# Spade Bitch



## CockersIndie (Dec 14, 2011)

Hi everyone..

i'm completely new to the show world- have yet to compete... buuuut before i go and get my bitch spayed, i just wanted to know if spayed bitches were allowed to compete in the show ring? i know castrated males aren't (?) but didn't think that spaying actually changed the formation of the dog so thought i'd ask the question!!

thanks!

Kate


----------



## Chloef (Feb 23, 2011)

Yes you can you need to inform the KC though


----------



## Born to Boogie (Oct 1, 2010)

You'll probably find that neutering changes the coat.
In my breed, the coat _generally_ becomes long, wavy and sometimes massive. Generally not a snow proof working dogs coat any more 
If you really want to show your Girly I'd talk to your breeder & find out just what happens to cocker coats. The trouble is, once she's neutered there's no going back. If her coat is ruined; that's that 
It's not that difficult to manage a bitch & her seasons. It just takes some planning and forethought
My girls are generally neutered at about 7, when they're entering the veteran stage (I wish some one would tell them that).
Linda


----------



## ClaireandDaisy (Jul 4, 2010)

allenchen19810909 said:


> I don't suggest you neuter her.


I see you`re linking to an advert. A new form of spamming?


----------



## hawksport (Dec 27, 2009)

Castrated males are allowed in the ring


----------



## Tollisty (May 27, 2008)

You can show neutered dogs and bitches, you just have to let the KC know by filling in a very simple form. You don't have to ask permission like you used to.


----------



## CockersIndie (Dec 14, 2011)

sorry my mistake re: castrated males!! thanks everyone, i shall do some investigating then. it would be a shame to ruin her coat- i'll see how her first few companion shows go and if she has much potential before i do anything- we're not in any particular rush as she's so young. thanks!


----------



## jo5 (Jun 22, 2011)

Hi I see you have a Black Cocker, excellent taste Anyway others have answered your question about actually entering but I must inform you that if you get her spayed it very likely that it will affect her coat Show Cockers need to be handstripped and this is very very difficult sometimes impossible to do on a spayed bitch.

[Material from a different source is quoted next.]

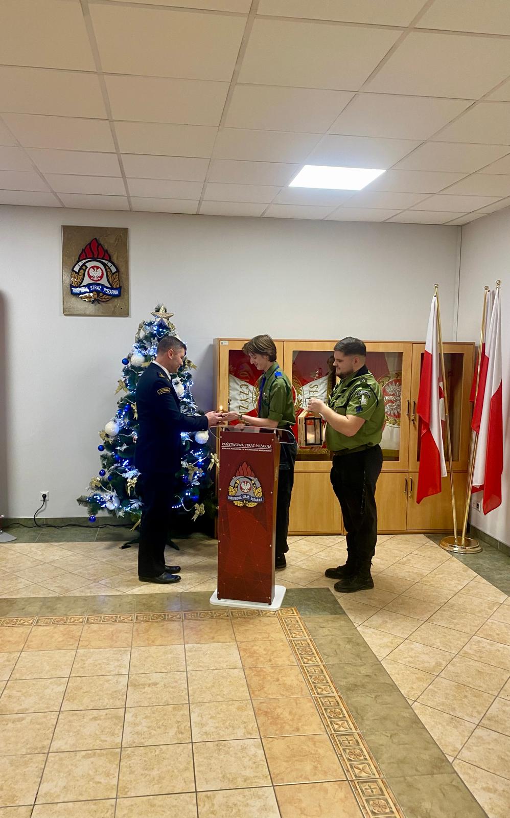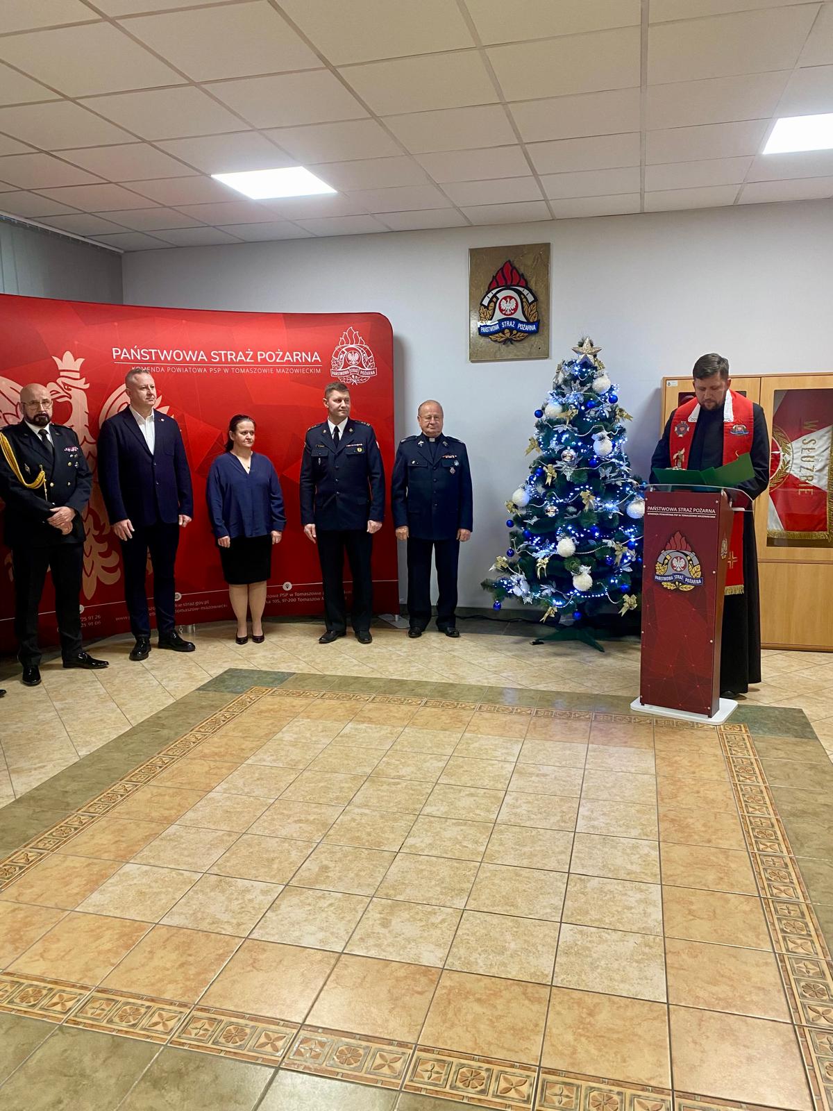 W dniu 22 grudnia 2025 roku w świetlicy Komedny Powiatowej PSP w Tomaszowie Mazowieckim odbyło się spotkanie wigiline. Uroczystość otworzył Komendant Powiatowy PSP w Tomaszowie Mazowieckim – bryg. Mariusz Kawnik, który przywitał zaproszonych gości oraz złożył świąteczne życzenia funkcjonariuszom i pracownikom cywlinym Komendy. Następnie Harcerze z Hufca ZHP w Tomaszowie Mazowieckim przekazali symboliczny ogień, niosący przesłanie pokoju, braterstwa i nadziei na ręce Komendanta Powiatowego. Wspólną modlitwę poprowadził ks. Grzegorz Chirk oraz ks. Zbigniew Kowalczyk. Życzenia świąteczne dla strażaków, pracowników cywilnych i ich najbliższych przekazali również zaproszeni goście.

The coat texture changes making it more woolly, if you are serious about showing her then I would wait and see how she does, as said before managing seasons isn't as daunting as it may seem as long as you are sensible, good luck.


----------



## CockersIndie (Dec 14, 2011)

jo5 said:


> Hi I see you have a Black Cocker, excellent taste Anyway others have answered your question about actually entering but I must inform you that if you get her spayed it very likely that it will affect her coat Show Cockers need to be handstripped and this is very very difficult sometimes impossible to do on a spayed bitch. The coat texture changes making it more woolly, if you are serious about showing her then I would wait and see how she does, as said before managing seasons isn't as daunting as it may seem as long as you are sensible, good luck.

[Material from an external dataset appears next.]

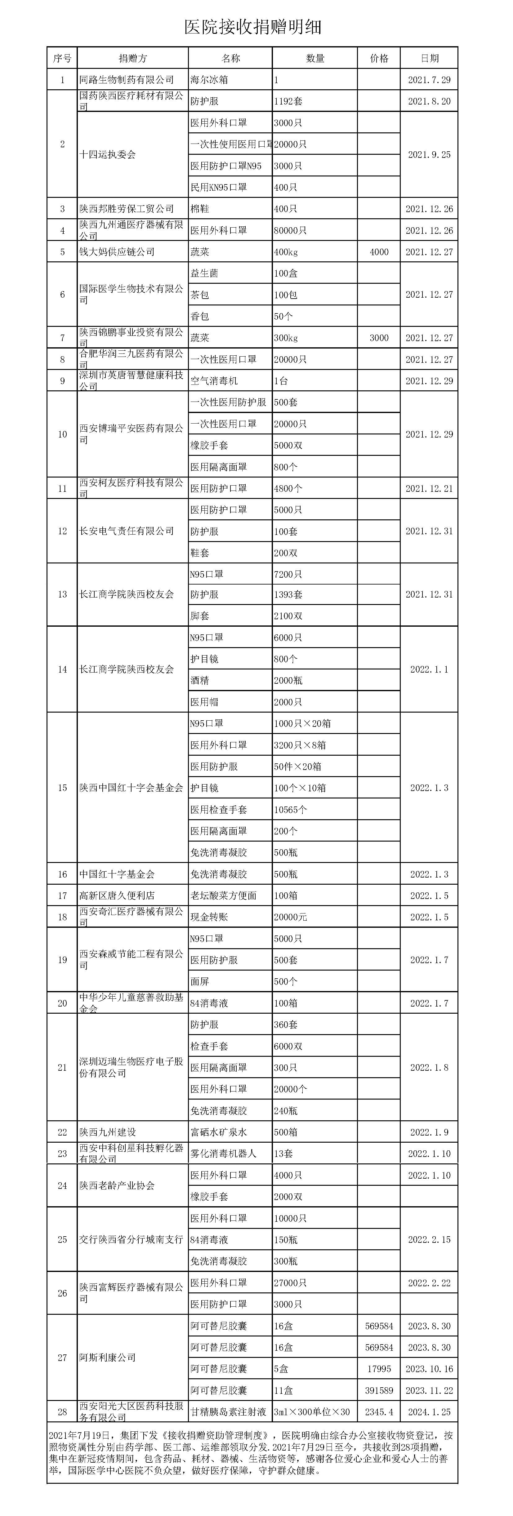 疫情期間接收物資主要有食品類、服飾類、清潔用品類、消毒用品等,物資主要有;方便面、礦泉水、84消毒液、慕斯軟墊、鞋子、拉拉褲、醫(yī)用垃圾袋、15L垃圾桶、等。捐贈物資均是通過庫房管理員簽字接收直接入庫管理,領(lǐng)取方式:經(jīng)各部門領(lǐng)導(dǎo)同意后按要求發(fā)放,統(tǒng)一制定發(fā)放模版,部門(領(lǐng)用人)簽字,領(lǐng)用流程結(jié)束。庫房管理員將所有物資發(fā)放明細同步按類別歸檔保存。

haha thanks! yeah- i was aware it changed their coat as i had a spayed bitch before when i was younger but we also had her shaved (don't hate us). this time i want to keep her coat as it is. we're going to a couple of companion shows and will pop along to some ringcraft classes etc and i'll see how she does. she's only 7 months so there's a bit of time to see how she does. im not rushing into spaying her just yet and im not too daunted by the season, so i'll see how she takes to showing!


----------



## hawksport (Dec 27, 2009)

CockersIndie said:


> sorry my mistake re: castrated males!! thanks everyone, i shall do some investigating then. it would be a shame to ruin her coat- i'll see how her first few companion shows go and if she has much potential before i do anything- we're not in any particular rush as she's so young. thanks!

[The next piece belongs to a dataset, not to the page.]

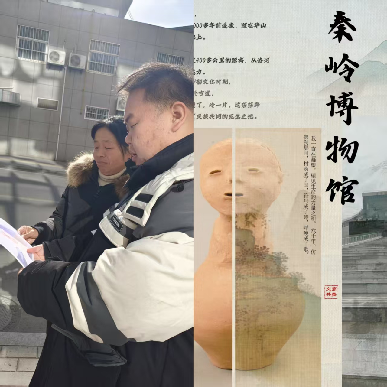 “巍巍秦岭九州昂,龙脉绵绵多赫煌”。秦岭最美是商洛,合和南北天下扬。 在寒假期间,适逢秦岭博物馆2025年新年开馆之际,beats365唯一官方网站领航青年宣讲团利用假期开展了宣传商洛秦岭博物馆实践活动。此次活动聚焦宣传红陶人头壶、商字瓦当等为代表的一系列珍贵的泥陶文物,结合商洛本地传统泥塑文化、“泥活儿”技艺,志愿者们走上街头、走进公司,通过志愿宣讲秦岭文物、制作文创产品、利用人工智能AI制作讲解视频等多种手段宣传秦岭博物馆,行文化创意,瞰陶韵无穷,对视六千年的凝望,回应六千年的等待,对话六千年的文明之源。以商洛泥塑文化传承创新为切入,探寻古老“泥活儿”背后的秦岭根脉、商州历史,让过去的文物,活起来、动起来、宣传出来,拥有未来。
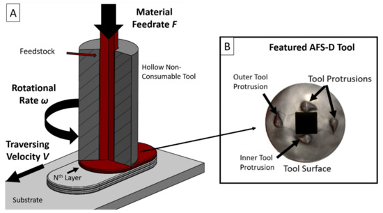 (A). Schematic of the AFS-D process denoting specific features and process control variables. (B) Schematic of the features located on the interaction face of the steel AFS-D tool.

I wouldn't really take too much notice of results at companion shows, often a judge won't know the breed standard for your breed of dog. They are good for practice though


----------



## CockersIndie (Dec 14, 2011)

hawksport said:


> I wouldn't really take too much notice of results at companion shows, often a judge won't know the breed standard for your breed of dog. They are good for practice though


yeah i guess i meant more if she (and of course i) takes to it! i shall have to seek out some open shows for the real thing? (i'm embarrassed at my own naivety, i haven't shown before!)


----------



## swarthy (Apr 24, 2010)

CockersIndie said:


> Hi everyone..
> 
> i'm completely new to the show world- have yet to compete... buuuut before i go and get my bitch spayed, i just wanted to know if spayed bitches were allowed to compete in the show ring? i know castrated males aren't (?) but didn't think that spaying actually changed the formation of the dog so thought i'd ask the question!!


I'd love to know where these myths come from, you can show neutered dogs and bitches - obviously, dogs are at a bit of a disadvantage because part of the breed standard for males is "two correctly descended testicles" - but they can still be shown, and there one or two who have done extremely well.

You should be able to get a form off the KC website - they seem to be chopping and changing everything on their site atm - and I believe you need a signed statement from the vet doing the neutering.

You no longer need "permission" as such, but I believe you do have to wait for the letter to come back before you can show - hopefully someone will have an idea how long this can take.


----------



## smokeybear (Oct 19, 2011)

Why not take your bitch back to the breeder to determine if she is of "show quality"? They are best placed to know, unless they have little or no experience.

Otherwise seek out a successful exhibitor/breeder/judge to have shufti, so you do not waste a lot of money on entries and fuel and get disappointed.


----------



## Tollisty (May 27, 2008)

This is the form http://www.thekennelclub.org.uk/download/394/neutereddogsform.pdf


----------



## CockersIndie (Dec 14, 2011)

swarthy said:


> I'd love to know where these myths come from, you can show neutered dogs and bitches - obviously, dogs are at a bit of a disadvantage because part of the breed standard for males is "two correctly descended testicles" - but they can still be shown, and there one or two who have done extremely well.
> 
> You should be able to get a form off the KC website - they seem to be chopping and changing everything on their site atm - and I believe you need a signed statement from the vet doing the neutering.
> 
> You no longer need "permission" as such, but I believe you do have to wait for the letter to come back before you can show - hopefully someone will have an idea how long this can take.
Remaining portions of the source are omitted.